━━━ RECORDS TO PROCESS
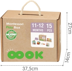 Ontdek de slimme set voor de allerkleinsten – de Montessori box 5-in-1 van WOOPIE GREEN voor de leeftijd 11–12 maanden. In de doos vind je 5 sensorische en didactische speeltjes die psycho-motorische ontwikkeling, logisch denken en oog-handcoördinatie stimuleren. Veilige materialen, natuurlijke prikkels voor zicht, tast en gehoor en een oudergids maken van deze set een ideaal cadeau voor een éénjarige.
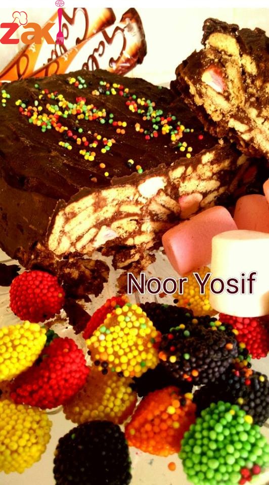 • نضع الخليط في ورقة قصدير أو نايلون ونلفها على شكل اسطوانة أو ممكن وضعها في قالب وتزين بالشوكولا أو السكر البودرة
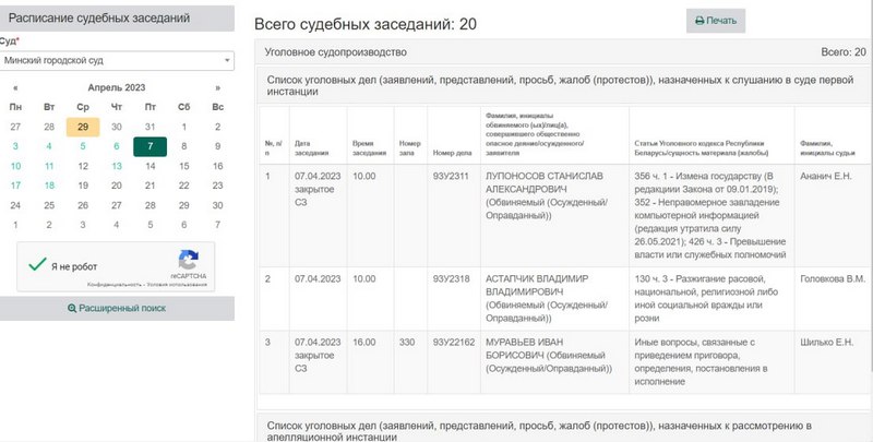 Як вынікае з раскладу, які публікуе сайт Вярхоўнага суда для сваіх структурных падраздзяленняў, па абедзе 7 красавіка суддзя Алена Шылько будзе разглядаць справу журналіста і прадпрымальніка Івана Мураўёва.
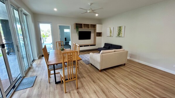 Inside, you'll find a spacious open-plan kitchen, living, and dining area, perfect for relaxing. The large windows and glass doors flood the space with natural light, creating a warm and inviting atmosphere. The sleeping arrangements are designed for comfort and flexibility, with a queen-size bed in the bedroom and two single sofa beds in the living room, ideal for children.
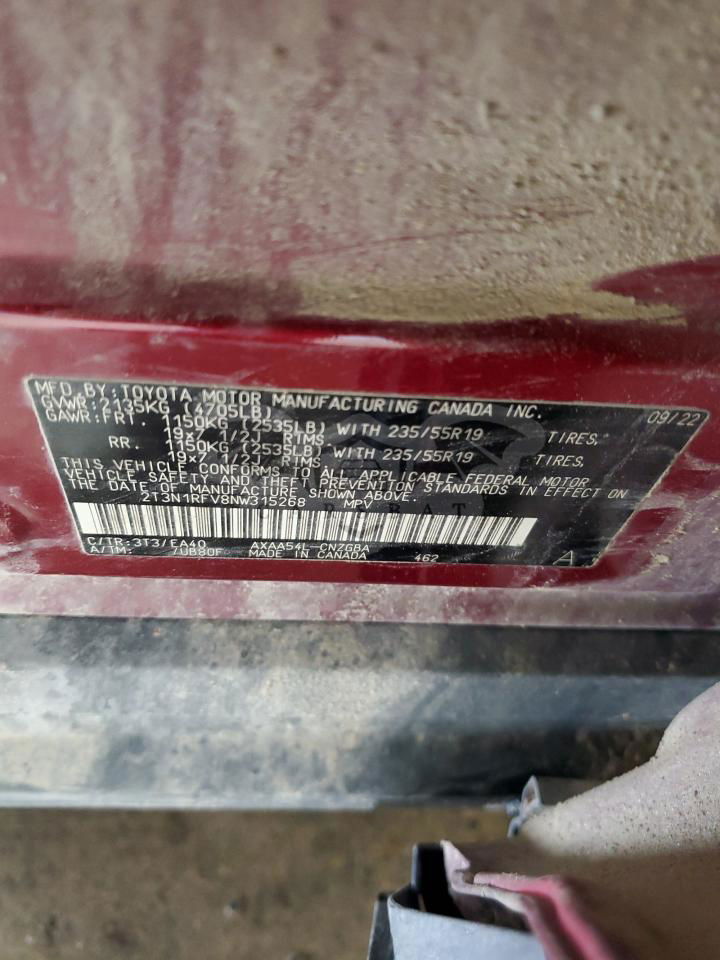 • VIN: 2T3N1RFV8NW315268
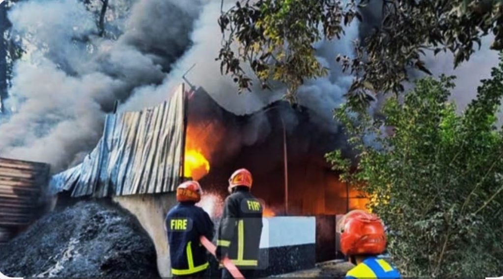 গাজীপুরের বাঘের বাজার এলাকার কেমিক্যাল কারখানায় আগুন।
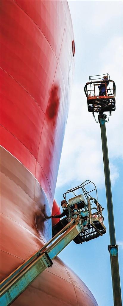 ▼广东中远海运重工员工在为巨轮涂装。今年上半年,该公司订单充足,新船型研发和交付快速推进。付海燕摄(中经视觉)
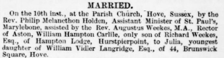 The incoming family in the main house between 1856 and 1861 were the Langridges. William Vidler Langridge was Clerk of Peace for Sussex. With a wife Isabella Langridge and a daughter Isabella Sophia Langridge , aged 21 still living at home and an entourage of servants, you would expect he had a need for transport. and it can only be assumed the stable staff were just not recorded in the 1861 Census at either address or that he hired his transport from another source. The latter seems unlikely with his busy professional and consequent social life. How negligent of a Clerk of the Peace to not record his staff it seems! The wedding of another daughter Julia Langridge to William Hampton Carlisle at Hove Parish Church in October 1860 would surely have necessitated numerous carriages.
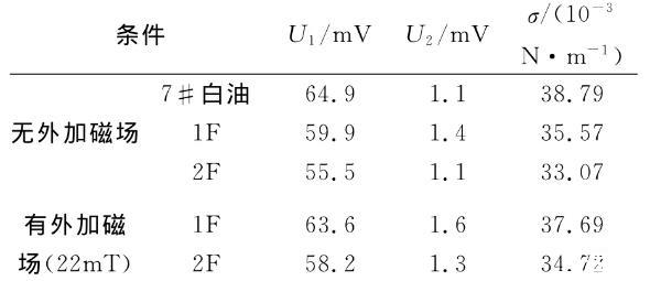 計算機實時在線采集了2種磁性液體及白油液膜拉脫過程中電壓隨時間的變化曲線,如圖4所示。從圖4可看到,3種液體的電壓變化規律一致,圖中F和G兩點是液膜破裂前后瞬間的電壓值,片狀吊環的內外徑分別為33.10mm和34.69mm,根據(6)式即可計算出液體的表面張力。室溫(20±0.5)℃時各液體的表面張力見表2.7#白油的表面張力大于磁性液體,這主要是因為表面活性劑的加入降低了液體的表面張力。當22mT的磁場作用于磁性液體時,磁性液體的表面張力增加,這主要是因為無外加磁場作用時,各磁性顆粒的磁矩方向雜亂無章,互相抵消,磁性液體不顯示宏觀磁性。當外加磁場作用于磁性液體時,且磁場方向平行于切線方向的磁性液膜時,各磁性顆粒的磁矩方向轉向外加磁場方向,外加磁場增強了磁偶極子之間的相互作用,導致磁性液體的表面張力增加。
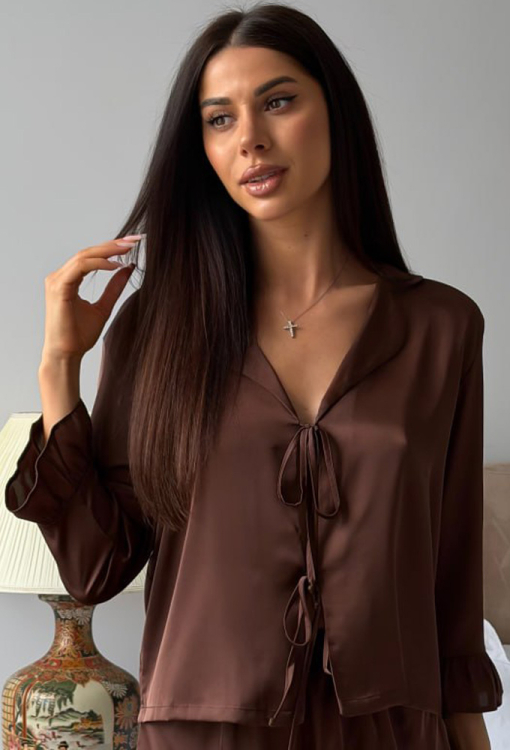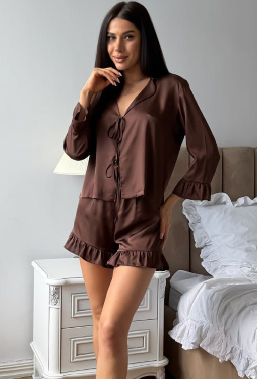 Очаровательная женская пижама от украинского бренда Julia Ulich. Пижама выполнена из мягкого и качественного шелк-сатина коричневого цвета, состоит из рубашки и шортов свободного силуэта. Рубашка с рукавами 7/8 и отложным воротником, завязывается на завязки, рукава обработаны рюшами. Шорты с мягкой резинкой в поясе и игривыми рюшами внизу. Пижама очень красивая и комфортная, идеальна для приятного сна и уютного домашнего отдыха, также может быть прекрасным подарком любимому и близкому человеку!
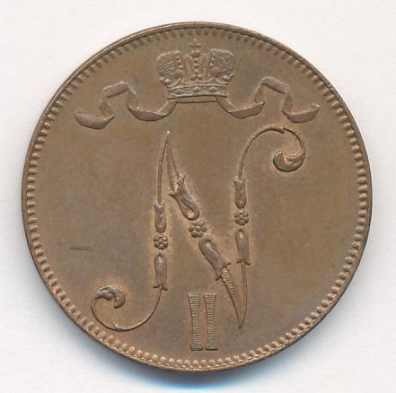 Лицевая сторона — вензель Александра II, оборотная — номинал (5 PENNIA) и дата. Нормативный вес — 6,40 грамма, гурт гладкий.
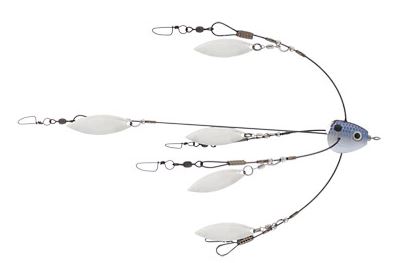 Umbrella rigs are versatile systems that enable you to imitate a school of baitfish. The Bladed Tour Grade Titanium Umbrella Rig is the same as our regular Tour Grade Titanium Umbrella Rig except with heavier (stiffer) wire for more stability and 5 willow leaf blades on ball bearing swivels to add flash and attract fish. The titanium wire enables increased pulsing action of the lures for better action and more strikes.
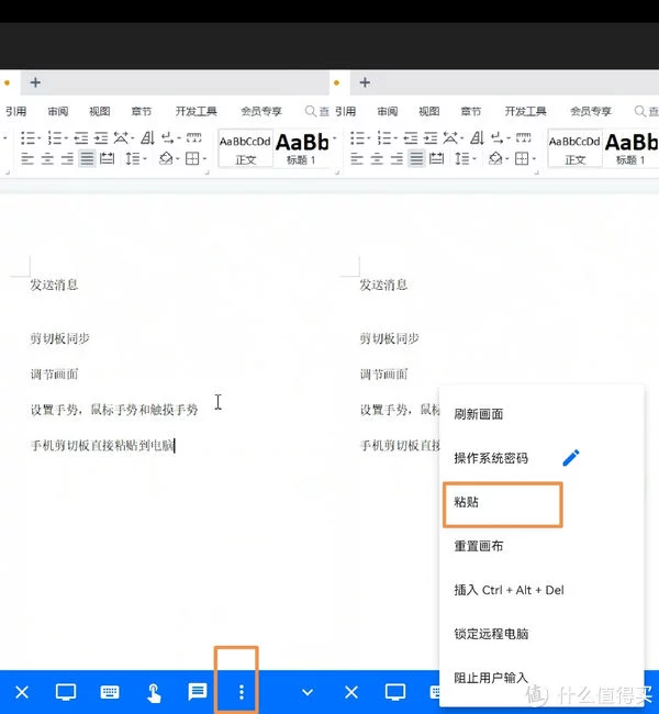 连接之后,还可以实现直接用手机复制文本至电脑端。方法是点击手机右下角三个点,在弹出窗口中选择粘贴,输入方面,RustDesk也支持用手机键盘输入至电脑端。
━━━━━━
EXERCISE INSTRUCTIONS » Each record above should be restated word for word. The pictures should not appear.

RESULT FOR THIS TASK »
 Ontdek de slimme set voor de allerkleinsten – de Montessori box 5-in-1 van WOOPIE GREEN voor de leeftijd 11–12 maanden. In de doos vind je 5 sensorische en didactische speeltjes die psycho-motorische ontwikkeling, logisch denken en oog-handcoördinatie stimuleren. Veilige materialen, natuurlijke prikkels voor zicht, tast en gehoor en een oudergids maken van deze set een ideaal cadeau voor een éénjarige.
 • نضع الخليط في ورقة قصدير أو نايلون ونلفها على شكل اسطوانة أو ممكن وضعها في قالب وتزين بالشوكولا أو السكر البودرة
 Як вынікае з раскладу, які публікуе сайт Вярхоўнага суда для сваіх структурных падраздзяленняў, па абедзе 7 красавіка суддзя Алена Шылько будзе разглядаць справу журналіста і прадпрымальніка Івана Мураўёва.
 Inside, you'll find a spacious open-plan kitchen, living, and dining area, perfect for relaxing. The large windows and glass doors flood the space with natural light, creating a warm and inviting atmosphere. The sleeping arrangements are designed for comfort and flexibility, with a queen-size bed in the bedroom and two single sofa beds in the living room, ideal for children.
 • VIN: 2T3N1RFV8NW315268
 গাজীপুরের বাঘের বাজার এলাকার কেমিক্যাল কারখানায় আগুন।
 ▼广东中远海运重工员工在为巨轮涂装。今年上半年,该公司订单充足,新船型研发和交付快速推进。付海燕摄(中经视觉)
 The incoming family in the main house between 1856 and 1861 were the Langridges. William Vidler Langridge was Clerk of Peace for Sussex. With a wife Isabella Langridge and a daughter Isabella Sophia Langridge , aged 21 still living at home and an entourage of servants, you would expect he had a need for transport. and it can only be assumed the stable staff were just not recorded in the 1861 Census at either address or that he hired his transport from another source. The latter seems unlikely with his busy professional and consequent social life. How negligent of a Clerk of the Peace to not record his staff it seems! The wedding of another daughter Julia Langridge to William Hampton Carlisle at Hove Parish Church in October 1860 would surely have necessitated numerous carriages.
 計算機實時在線采集了2種磁性液體及白油液膜拉脫過程中電壓隨時間的變化曲線,如圖4所示。從圖4可看到,3種液體的電壓變化規律一致,圖中F和G兩點是液膜破裂前后瞬間的電壓值,片狀吊環的內外徑分別為33.10mm和34.69mm,根據(6)式即可計算出液體的表面張力。室溫(20±0.5)℃時各液體的表面張力見表2.7#白油的表面張力大于磁性液體,這主要是因為表面活性劑的加入降低了液體的表面張力。當22mT的磁場作用于磁性液體時,磁性液體的表面張力增加,這主要是因為無外加磁場作用時,各磁性顆粒的磁矩方向雜亂無章,互相抵消,磁性液體不顯示宏觀磁性。當外加磁場作用于磁性液體時,且磁場方向平行于切線方向的磁性液膜時,各磁性顆粒的磁矩方向轉向外加磁場方向,外加磁場增強了磁偶極子之間的相互作用,導致磁性液體的表面張力增加。
 Очаровательная женская пижама от украинского бренда Julia Ulich. Пижама выполнена из мягкого и качественного шелк-сатина коричневого цвета, состоит из рубашки и шортов свободного силуэта. Рубашка с рукавами 7/8 и отложным воротником, завязывается на завязки, рукава обработаны рюшами. Шорты с мягкой резинкой в поясе и игривыми рюшами внизу. Пижама очень красивая и комфортная, идеальна для приятного сна и уютного домашнего отдыха, также может быть прекрасным подарком любимому и близкому человеку!
 Лицевая сторона — вензель Александра II, оборотная — номинал (5 PENNIA) и дата. Нормативный вес — 6,40 грамма, гурт гладкий.
 Umbrella rigs are versatile systems that enable you to imitate a school of baitfish. The Bladed Tour Grade Titanium Umbrella Rig is the same as our regular Tour Grade Titanium Umbrella Rig except with heavier (stiffer) wire for more stability and 5 willow leaf blades on ball bearing swivels to add flash and attract fish. The titanium wire enables increased pulsing action of the lures for better action and more strikes.
 连接之后,还可以实现直接用手机复制文本至电脑端。方法是点击手机右下角三个点,在弹出窗口中选择粘贴,输入方面,RustDesk也支持用手机键盘输入至电脑端。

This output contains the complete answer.